Measles is back, and it’s not just because of anti-vaxxers


The Vaccination Act 1853 made it compulsory for children to be vaccinated against smallpox by three months old, with parents who failed subjected to a fine. It met considerable resistance and, years later, was amended.
By the 1860s, two-thirds of babies were vaccinated, and as a result there was a fall in the death rate due to smallpox. Even so, reports of deaths and outbreaks created doubts about the effectiveness and safety of vaccines, and vaccination still met opposition.
Now, three years after the UK eliminated measles, it’s back.

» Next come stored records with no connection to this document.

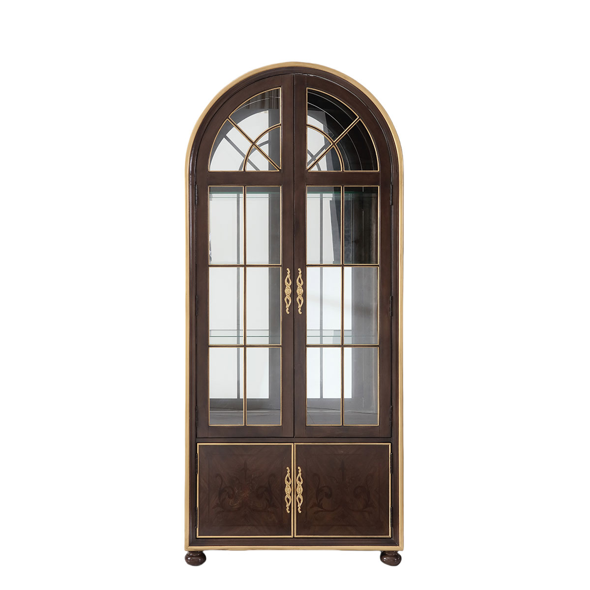 * 門內有三塊玻璃層板,背板處裝有背鏡,使柜身內部的光線更通亮; * 下門內有一塊可調木制層板;
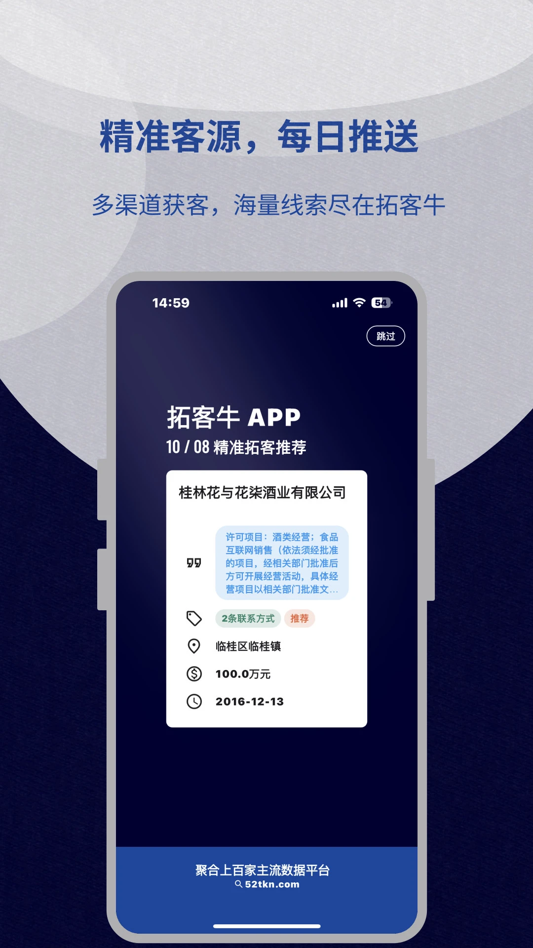 拓客App已备好10,000W+线索,每日轮循维护800W+数据,总能找到您的客源。
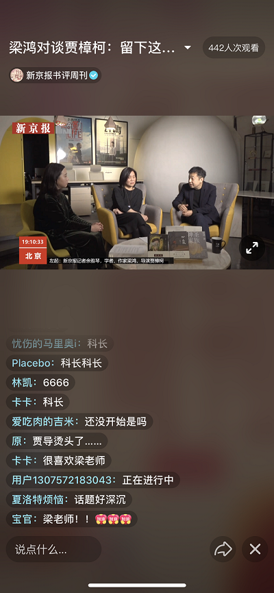 直播開始,梁鴻回憶當時參與新片拍攝是在汾陽的一個裁縫店里,采訪持續了三個多小時?!百Z導準備得很充分,他拿了厚厚一疊提綱,問了我很多事情。這些都是自己很久沒想過的童年、少年生活,以及家庭的故事,所以我一下子特別投入。這種感覺就好像一個人在帶領你重新回望過去那一段村莊的生活。采訪中,我感覺又重新回到梁莊的那條大河,而且更加強調了‘梁莊人’的身份,雖然我離開了這個地方,但突然間覺得自己跟這片大地連在一起?!?/p>
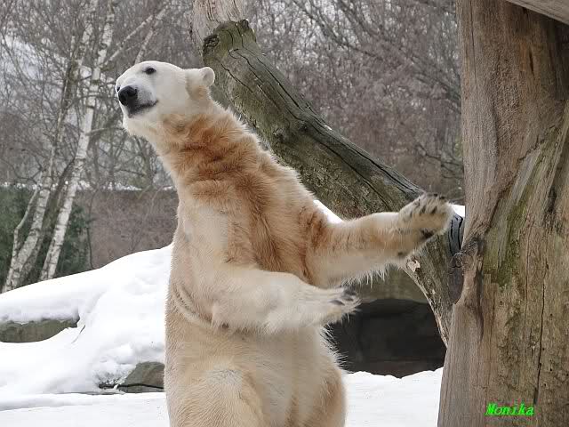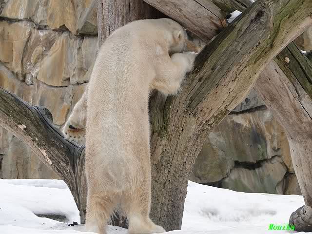 Als ich ankam, stand Knut auf den Hinterbeinen neben dem Baum und streckte sich. Meine Güte, so ein großer Bär! Diese Vorstellung wurde von den Besuchern gebührend bewundert.
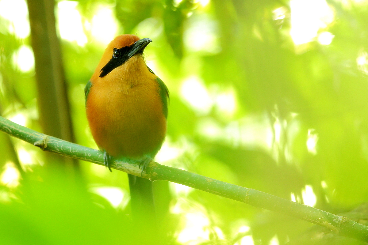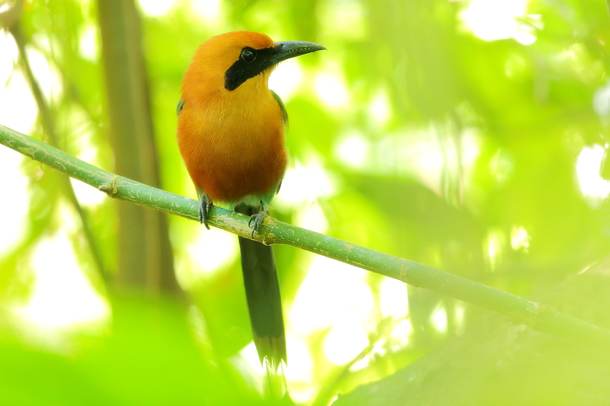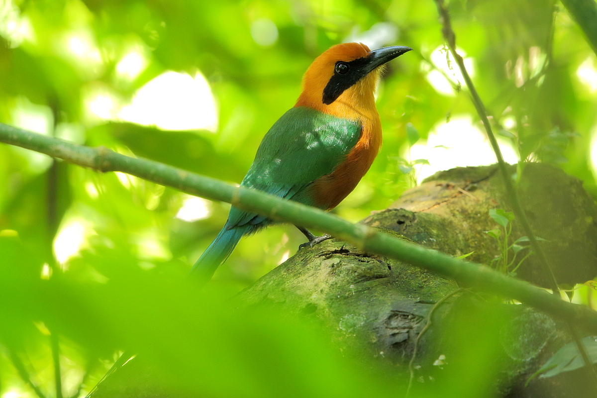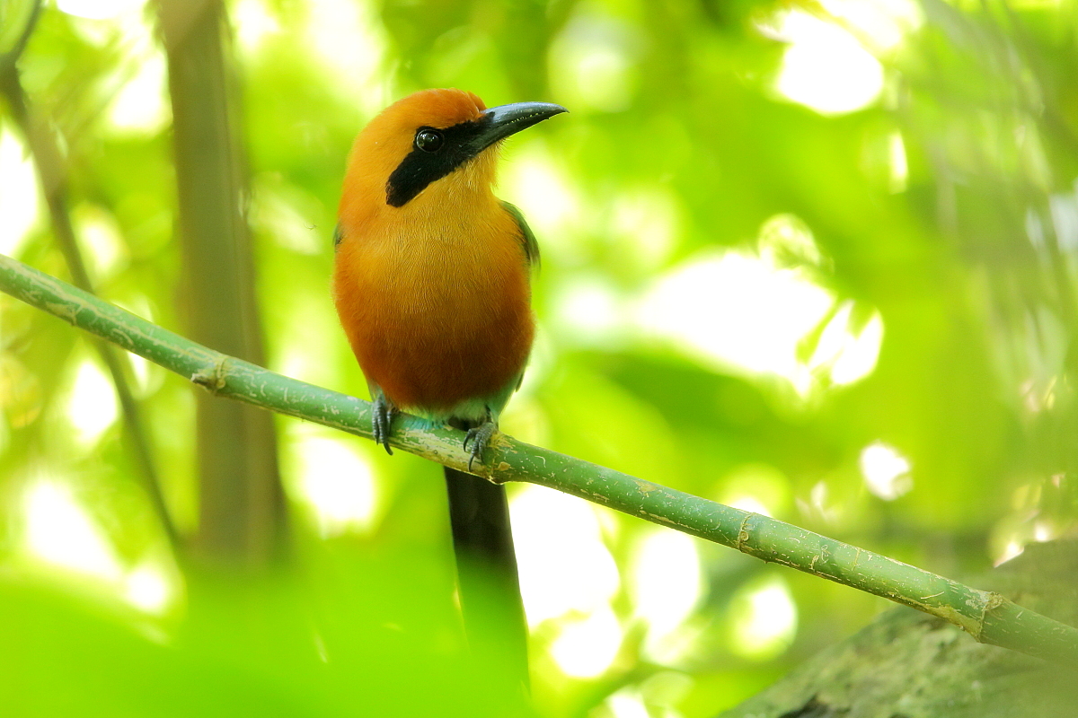 Motmots occur from Mexico to Argentina. They belong to beautifully colored birds of medium size (weight up to 200 grams, body length up to 50 cm, the tail is approximately 30 cm of that). Its name comes from the characteristic bill, which serrated edges look like a saw. Its decorative two tail feathers with distinctive oval-shaped tips at the ends look incredibly. It is not easy to observe and photograph a motmot  in its natural environment. As usual a bit of luck is needed and useful hints of local guides. But when you are lucky to find a motmot you can watch them as they sit quietly scanning the surroundings with their eyes, just like toucans do. Sometimes better, sometimes worse, it was differently with shooting-favoured positions, but eventually I managed to photograph 4 species of motmots and record voice of rufous motmot. As with hummingbirds and toucans the text is common to this group of birds.
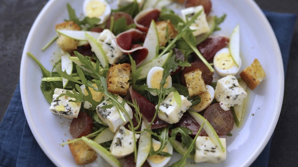 Préparation: 30 min / Cuisson: 10 min Votre marché pour 4 personnes : 300g de Bresse Bleu Suprême ; 12 œufs de caille ; 20 tranches de magret fumé ou séché ; 1 pomme verte ; 200g de tomates cerises ; une demi baguette de pain ; 120g de mesclun de salade ; 5 cl d’huile de colza ou de tournesol ; 8...
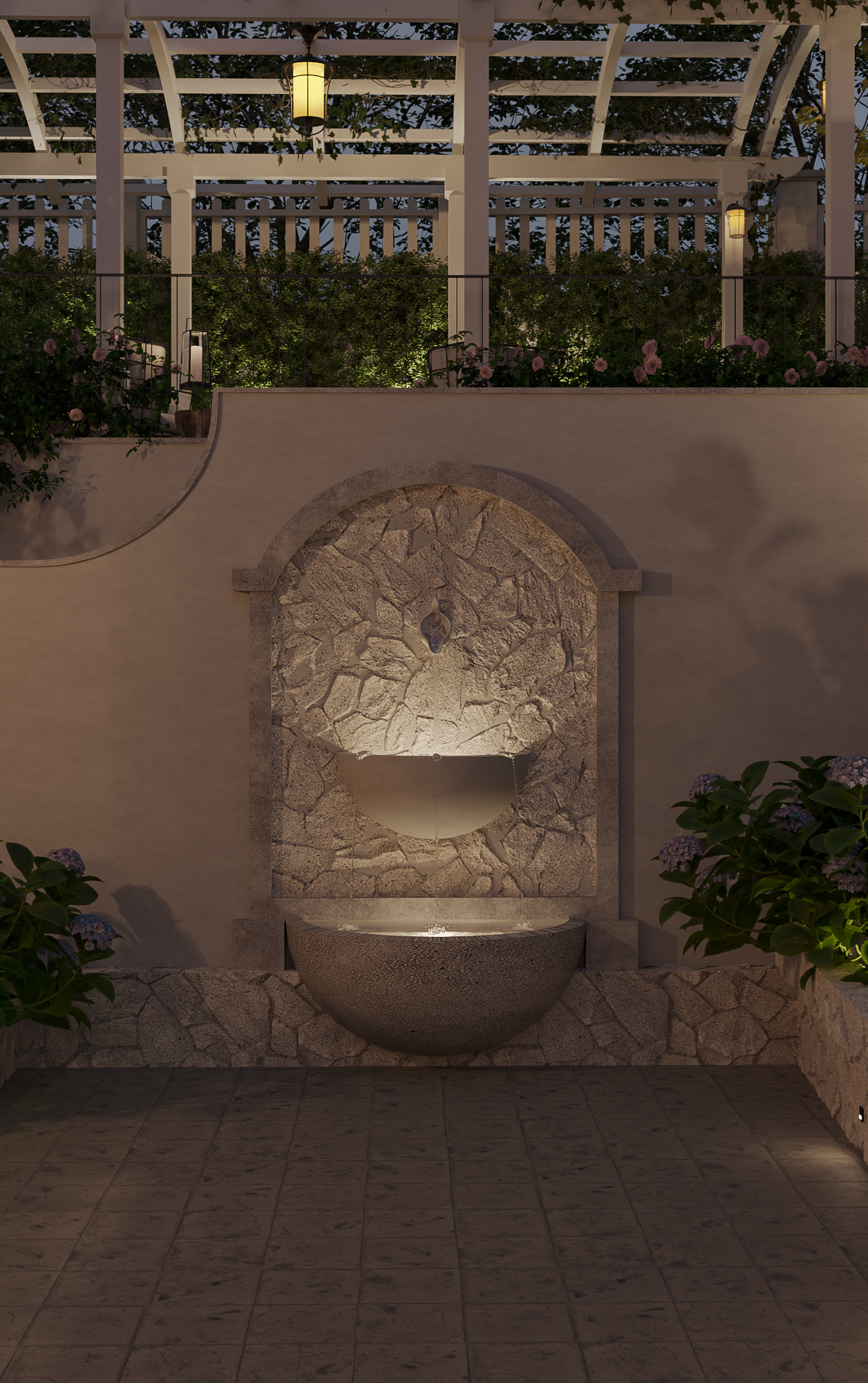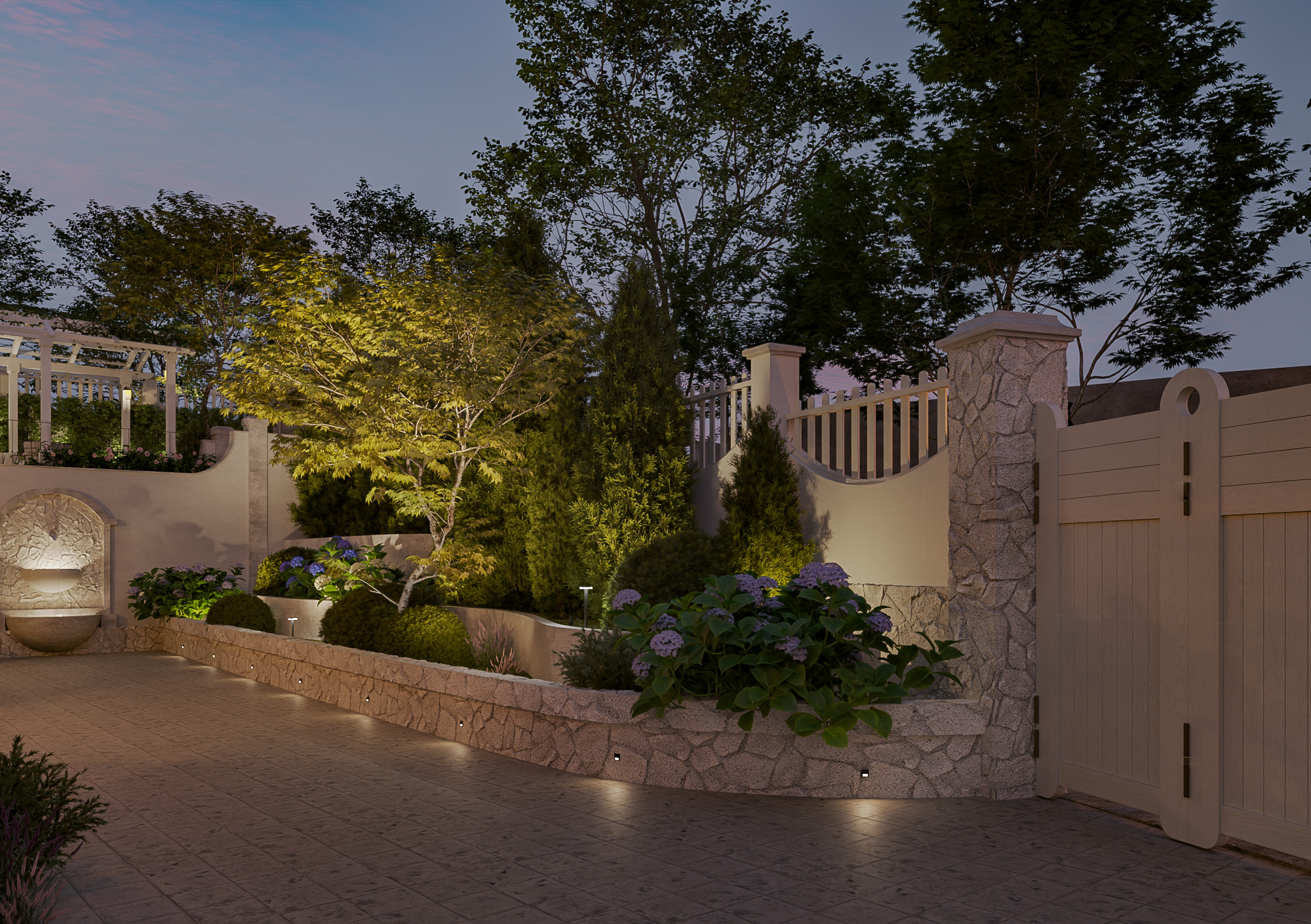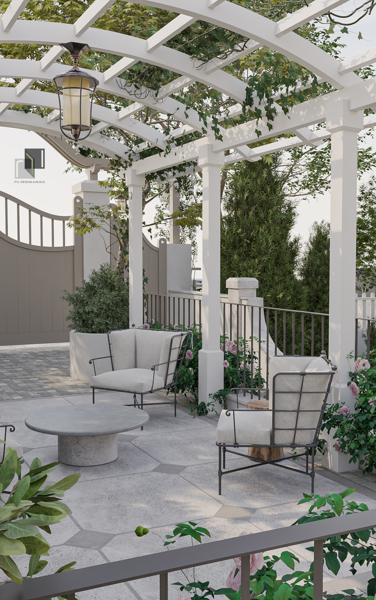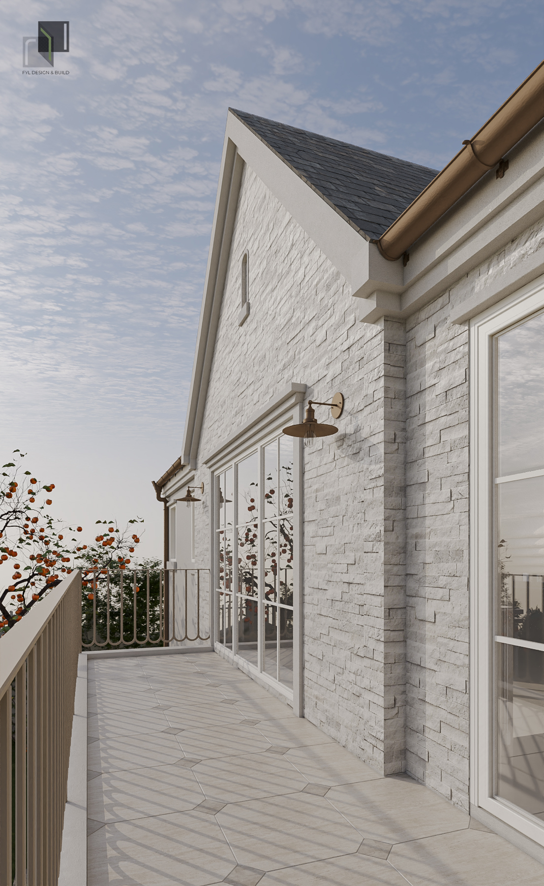 The overall design uses an elegant creamy white palette, accented by grey stone and warm brown wood. Different areas are subtly divided by rough split-stone walls and garden paths.
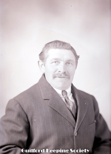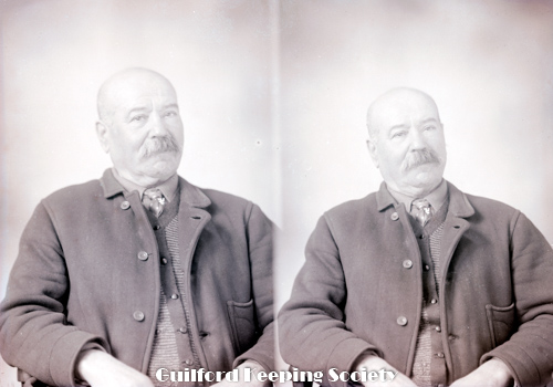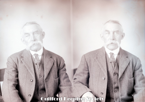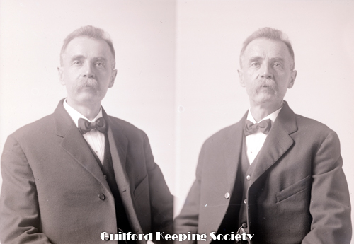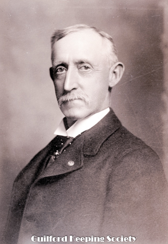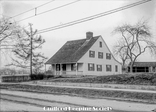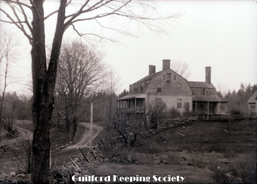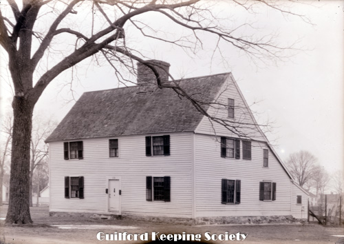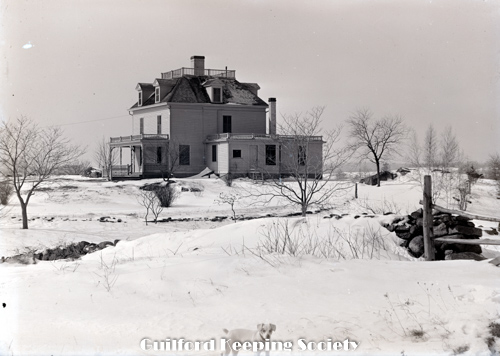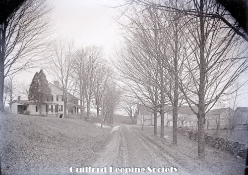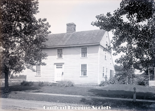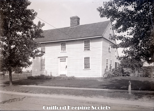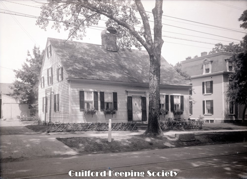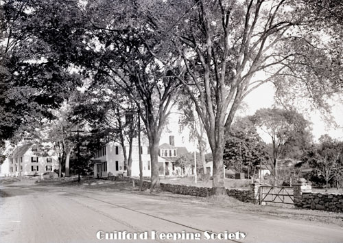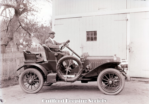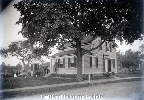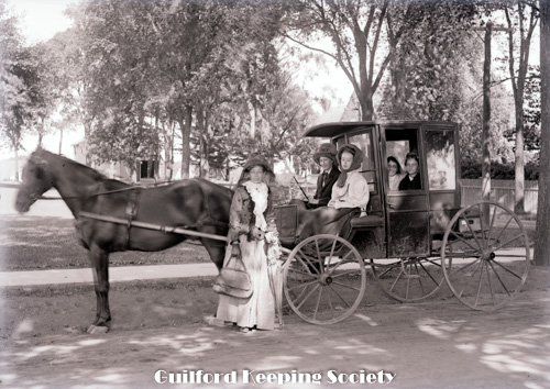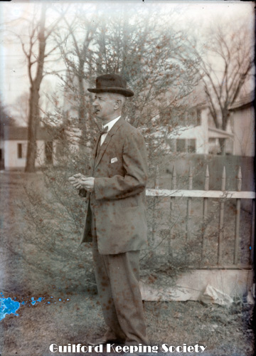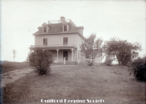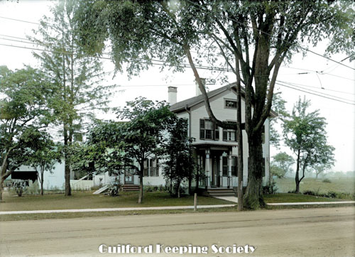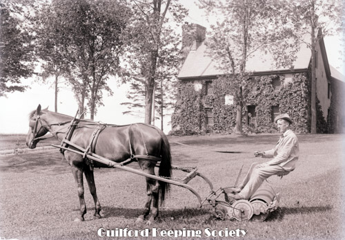 Henry Whitfield house with man on horse drawn lawnmower 248 Old Whitfield St c1905
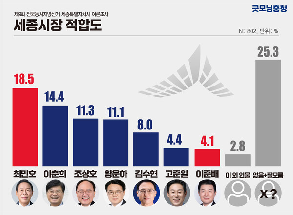 최민호 현 시장 18.5%, 이춘희 전 세종시장(민주당) 14.4%, 조상호 전 세종시 경제부시장(민주당) 11.3%, 황운하 국회의원(조국혁신당) 11.1%, 김수현 더민주세종혁신회의 상임대표(민주당) 8.0%, 고준일 전 세종시의회 의장(민주당) 4.4%, 이준배 전 세종시 경제부시장(국민의힘) 4.1%, 그 외 다른 인물 2.8%, 적합인물 없다 10.5%, 잘 모르겠다 14.8%
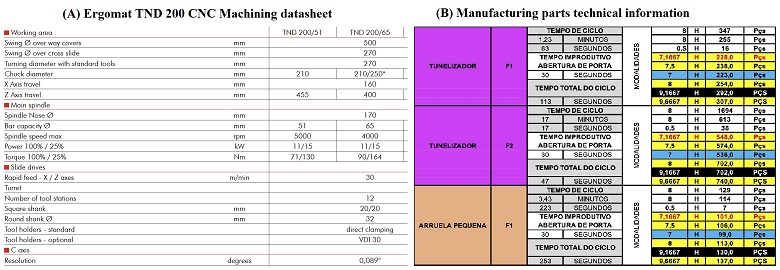 The application of the IDEIEs 4.0 followed phase A1 and B1 of Figure 2 are to map the information about the Worker, Manufacturing process and Machine. Figure 5 shows, in Detail “A”, the machine and technical data and the data collected about the product and manufacturing process in Detail B.
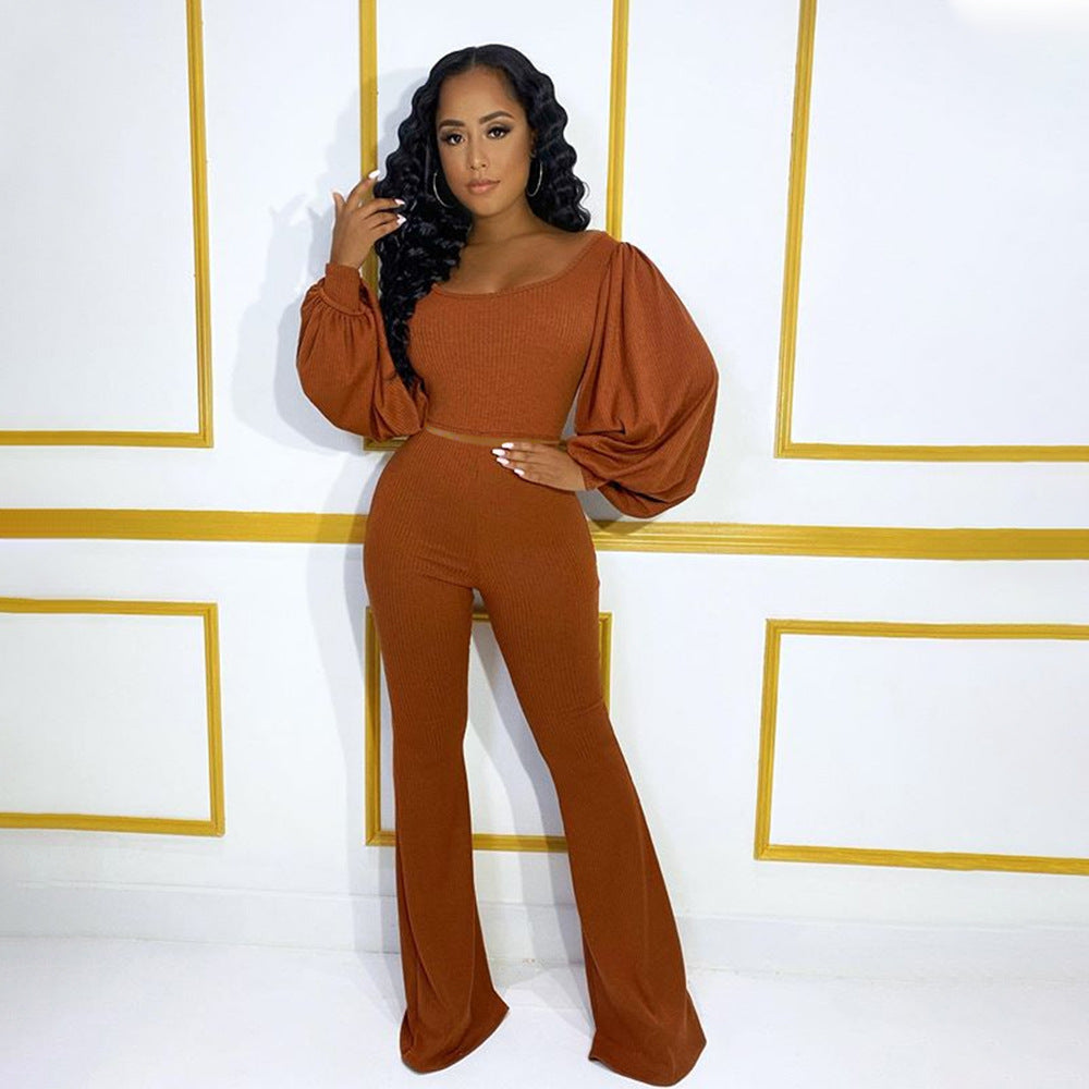 Hot sale solid color lantern sleeve flared pants two-piece suit

The World Health Organisation (WHO) has revoked our ‘measles free’ status after 231 cases were confirmed nationally, with numbers reaching a record high in Bristol last year at 69.

Measles is a highly contagious viral infection that causes a red rash and flu-like symptoms that can often result in permanent brain damage and death. Several schools in Bristol had to shut their doors after confirmed cases last year.
Interestingly, the idea of compulsion, as in the 1850s, is often championed as a rational solution to a resurgent problem. But without the political will to sacrifice personal liberties in this way, progress will be limited.
UK take-up of the measles, mumps and rubella (MMR) vaccine for children reaching their second birthday fell for the fourth year in a row in 2018 and is now at 91.2%, the lowest it has been since 2011/2012. Local immunisation coverage for most vaccines appears to be falling, with coverage rates lowest in inner-city and east Bristol.
Around 2,000 five-year-old children in the south west, a significant majority living in Bristol, may still need to receive their first dose of MMR, leaving them significantly more at risk compared with pupils who are fully vaccinated.
Discredited research
So what’s going on? Well, in part the UK’s rise in measles cases is down to children who went unvaccinated 20 years ago after now-discredited research caused a scare about the safety of the MMR vaccine. It was claimed by a doctor, Andrew Wakefield, writing in The Lancet journal, that the vaccine was linked to autism – but his research was found to be wrong, and Wakefield was struck from the UK medical register, subsequently moving to the US.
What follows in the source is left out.